Canalblog
Editer l'article Suivre ce blog Administration + Créer mon blog
Publicité
Cineflower
21 février 2010

Mother (Madeo, Bong Jooh-Ho, 2010)

mother            Un jeune homme simplet, sujet à des troubles de mémoire, se voit inculper pour homicide. Sa mère met tout en œuvre pour l'innocenter. Dit comme ça, l'originalité du pitch a de quoi faire frémir. Serait-il (le film) de l'oncle Sam, on imaginerait la mère Jolie secouer terre et mer à coup de larmes préfabriquées, lancée telle une vache avinée dans la course à la statuette. Avec Bong Joon-Ho, le scénario accouche d'un film rien de moins que bouleversant. Le coréen continue son sans-faute.

            Devant sa caméra, la petite Kim Hye-Ja se fait vampire, ogresse, devient LA mère, anonyme, universelle, mythologique. Loin de l’image d’Epinal de nos chères petites mamans, le metteur en scène en montre le côté obscur et souterrain, la part monstrueuse originelle. S'il semble à première vue toujours nourrir le même désabusement emphatique à l’égard de son pays, le constat est plus amer ici que dans Memories of Murder ou The Host: même lâcheté, même paresse, même corruption, oui, mais plus d'entraide nulle part. Le seul lien restant, celui du sang, devient dès lors légitimité première. Le droit du sang, celui qui coule comme celui versé, peut-il prévaloir?
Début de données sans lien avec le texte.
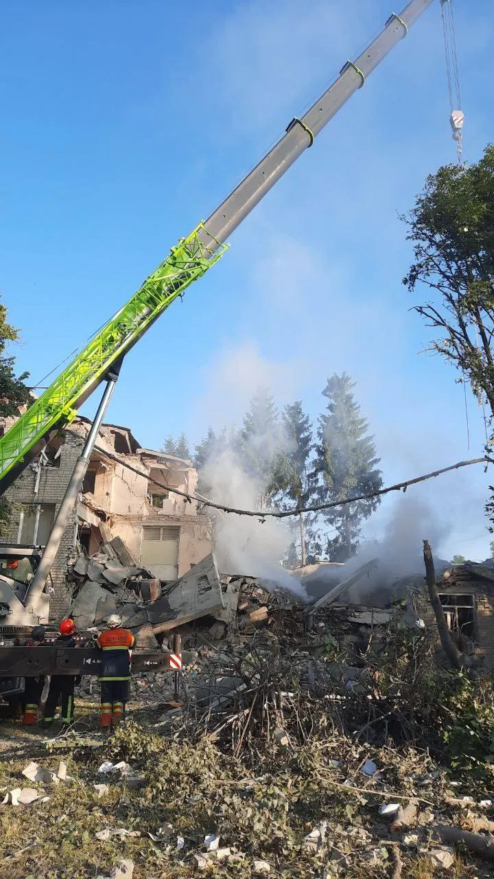 К счастью, в здании никого не было, так что обошлось без жертв, но спасатели принялись разбирать завалы. Об этом сообщил мэр города Олег Синегубов в Telegram, публикуя фото с места преступления РФ.

Mother tire sa force de la confrontation directe, sans fard, à cette question. Prolongement humain de Gaïa, la mère tire son énergie vitale de cet instinct naturel de conservation de l'espèce. Un corps mu par une force tellurique immanente. Ecartelée par ses racines ancestrales (la violence) et personnelles (la famille), déchirée entre pulsion et raison, lestée d'une mémoire aussi libératrice que poids, la conscience, elle, suffoque, cherche l'apaisement. C'est aussi beau que délétère. Fidèle à ses habitudes, Bong Joon-Ho croise les genres, marie au sein d’une même scène les émotions contradictoires. La candeur attardée du fils, caractéristique habituelle des sidekicks (1), sert l’élément comique et les ruptures de ton. Sous l’apparente grossièreté du trait affleure une finesse et une profondeur existentielle, asphyxiante car irrationnelle. Une gêne sourde nous envahit inexorablement. Mélangeant le sacré et le profane, la bienséance et le tabou, le blanc et les flammes, Mother pointe nos contradictions les plus irréconciliables. Et l'humanité dans tout ça?

(1) sauf chez Bong Jooh-Ho, qui, tel un mangaka, en fait le caractère principal de ses héros.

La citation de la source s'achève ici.